Dalam kejuaraan tersebut, MA Negeri Tana Toraja berhasil mengamankan total lima medali yang terdiri dari 1 medali emas, 3 medali perak, dan 1 medali perunggu. Puncak prestasi ditorehkan oleh Azai Suhaebu Abbas, siswa kelas XI.2, yang sukses menempati podium tertinggi dan meraih Juara 1 pada Kategori Tanding Remaja.

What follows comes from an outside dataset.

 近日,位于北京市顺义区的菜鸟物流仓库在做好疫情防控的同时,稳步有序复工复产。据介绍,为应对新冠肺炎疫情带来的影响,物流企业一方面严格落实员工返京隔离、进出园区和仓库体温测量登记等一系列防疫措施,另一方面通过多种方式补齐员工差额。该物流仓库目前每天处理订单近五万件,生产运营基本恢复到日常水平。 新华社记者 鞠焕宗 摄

Dominasi MAN Tana Toraja terus berlanjut di kategori yang sama melalui Nurmila (Kelas XII.2) dan Olivia Parura (Kelas XII.3) yang masing-masing berhasil menyabet Juara 2 Kategori Tanding Remaja. Tidak hanya tangguh dalam kategori tanding fisik, delegasi madrasah ini juga menunjukkan nilai estetika seni bela diri yang tinggi. Hal ini dibuktikan oleh Ibnu Sabil, siswa kelas XII.2, yang berhasil keluar sebagai Juara 2 pada Kategori Seni Tunggal IPSI. Melengkapi torehan manis tersebut, Nurfadillah Khalifah Fahsya yang juga duduk di kelas XI.2 berhasil meraih Juara 3 Kategori Tanding Remaja.

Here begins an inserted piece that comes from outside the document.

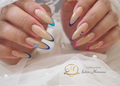 細めのフレンチラインを使った繊細なデザインで、カラフルな色使いが夏の気分を盛り上げます。個性的だけど上品さも兼ね備えた仕上がりが魅力です。
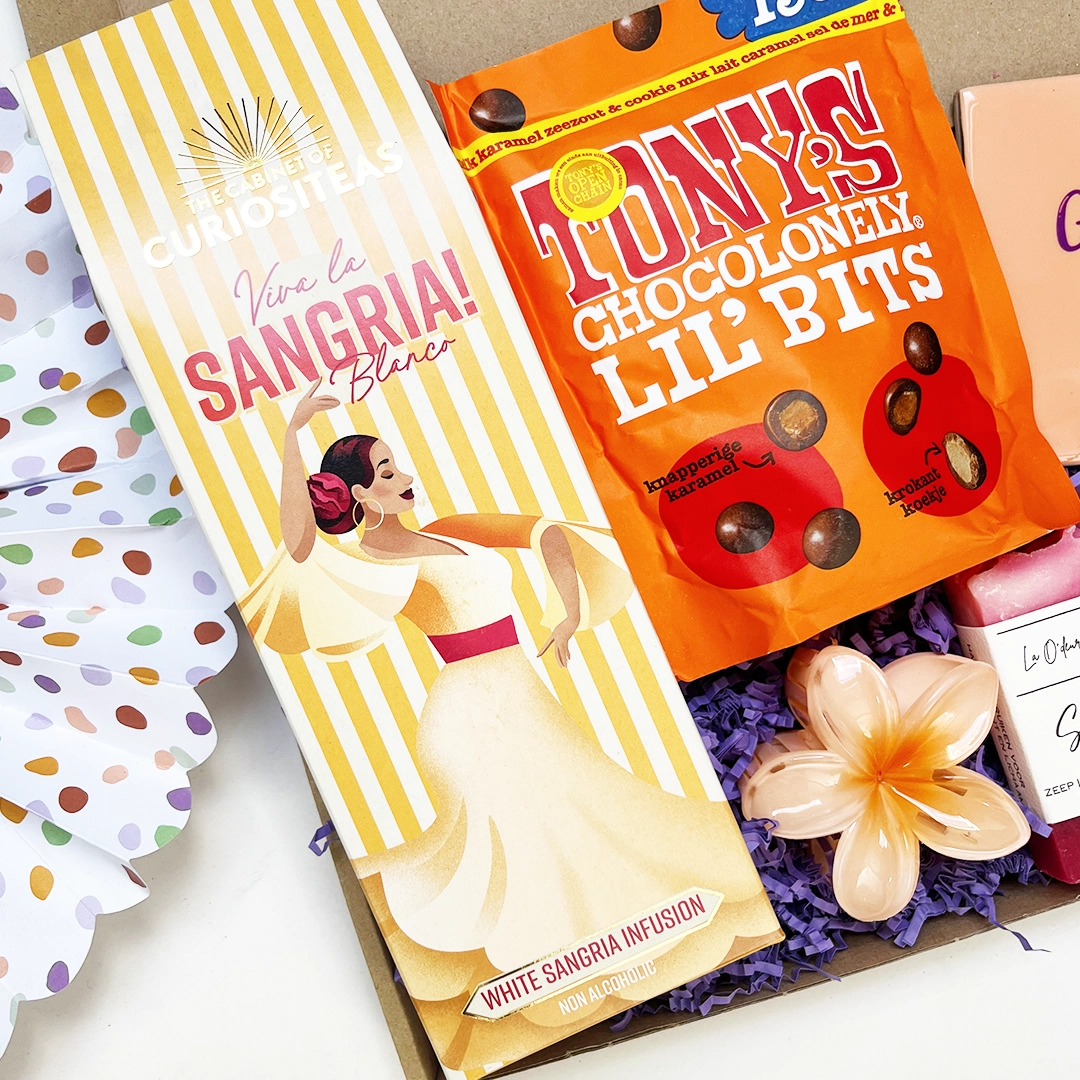 Maak je eigen frisse thee sangria, pak er iets lekkers bij en neem een momentje voor jezelf. Alles in deze box voelt licht, vrolijk en precies wat je nodig hebt om even op te laden.

Keberhasilan luar biasa ini tidak lepas dari tangan dingin dan kawalan ketat Pak Sulthan Massora. Bertindak langsung sebagai official sekaligus Pembina Ekskul Pencak Silat Tapak Suci MAN Tana Toraja, beliau mendampingi penuh perjuangan para siswa selama empat hari pelaksanaan kompetisi di Parepare. Dedikasi penuh dan arahan strategis di pinggir gelanggang terbukti ampuh membakar semangat bertanding para atlet muda hingga mampu melampaui target.
"Seluruh proses rangkaian kegiatan kejuaraan telah diikuti dengan baik, dan hasil pencapaian anak-anak kita ini sangat luar biasa serta patut diapresiasi," ujar Sulthan Massora dalam laporan resminya pasca-kompetisi. Pihak madrasah pun menyampaikan rasa bangga yang mendalam atas dedikasi para siswa dan tim pembina yang telah mengharumkan nama madrasah di tingkat daerah dan Nasional.

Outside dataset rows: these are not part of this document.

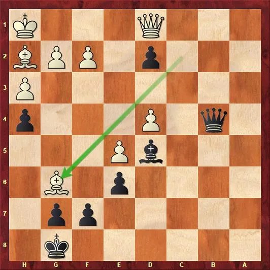 Carlsen abandonne à cause de Ta8# imparable, après 1…bxc6 2.bxc6.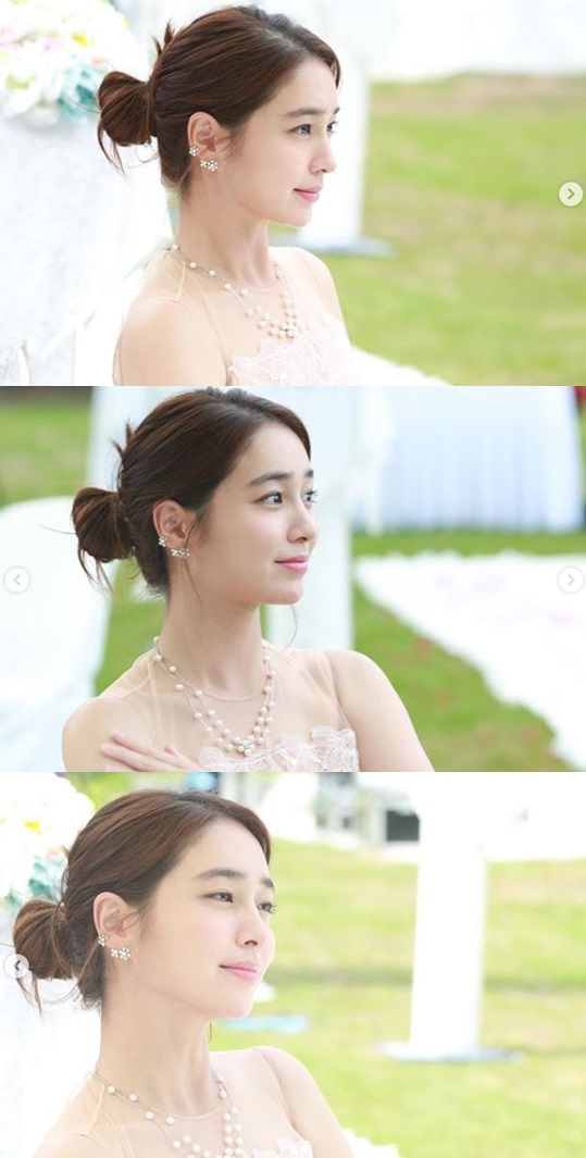 공개된 사진은 KBS 2TV 주말 드라마 '한 번 다녀왔습니다' 속 송다희(이초희 분)의 결혼식 촬영 장면으로, 극 중 송나희 역으로 분한 이민정이 아름다운 드레스를 입고 미모를 뽐내고 있다.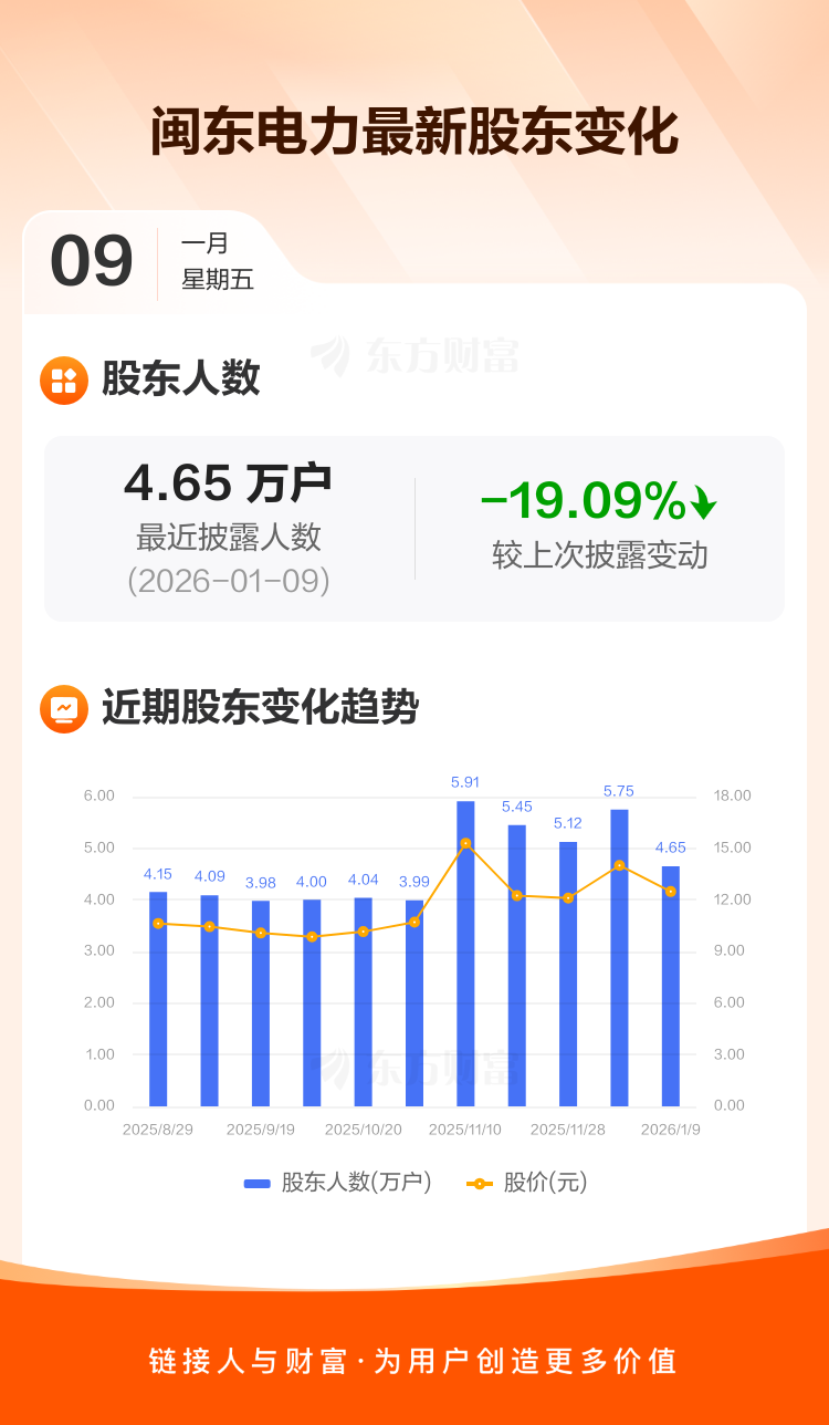 闽东电力:截至1月9日最新股东户数4.65万户,较上期减少19.09%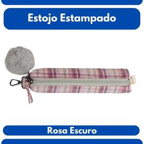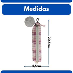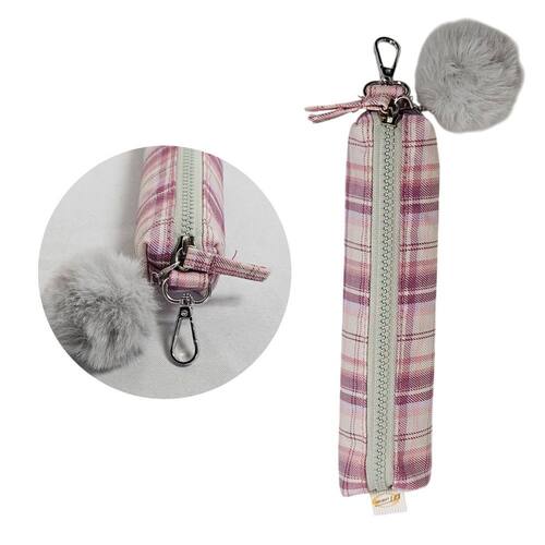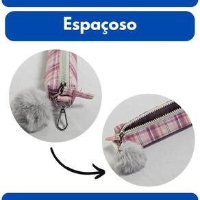 Estojo Escolar Xadrez Rosa Fofo com Pompom Multiuso Organização Colorido Zíper Caneta Material

Kompetisi "Parepare Championship 3 Tahun 2026" sendiri merupakan salah satu ajang tolok ukur pembinaan atlet pencak silat usia remaja di Sulawesi Selatan. Dengan hasil yang dicapai ini, Ekskul Pencak Silat Tapak Suci MA Negeri Tana Toraja semakin mengukuhkan posisinya sebagai salah satu wadah bakat olahraga yang diperhitungkan. Prestasi ini diharapkan dapat menjadi stimulus dan motivasi bagi siswa-siswi lain untuk terus berprestasi, baik di bidang akademik maupun non-akademik. Tim kontingen kini telah kembali ke Tana Toraja dan bersiap untuk melanjutkan pembinaan rutin guna menghadapi turnamen-turnamen berikutnya.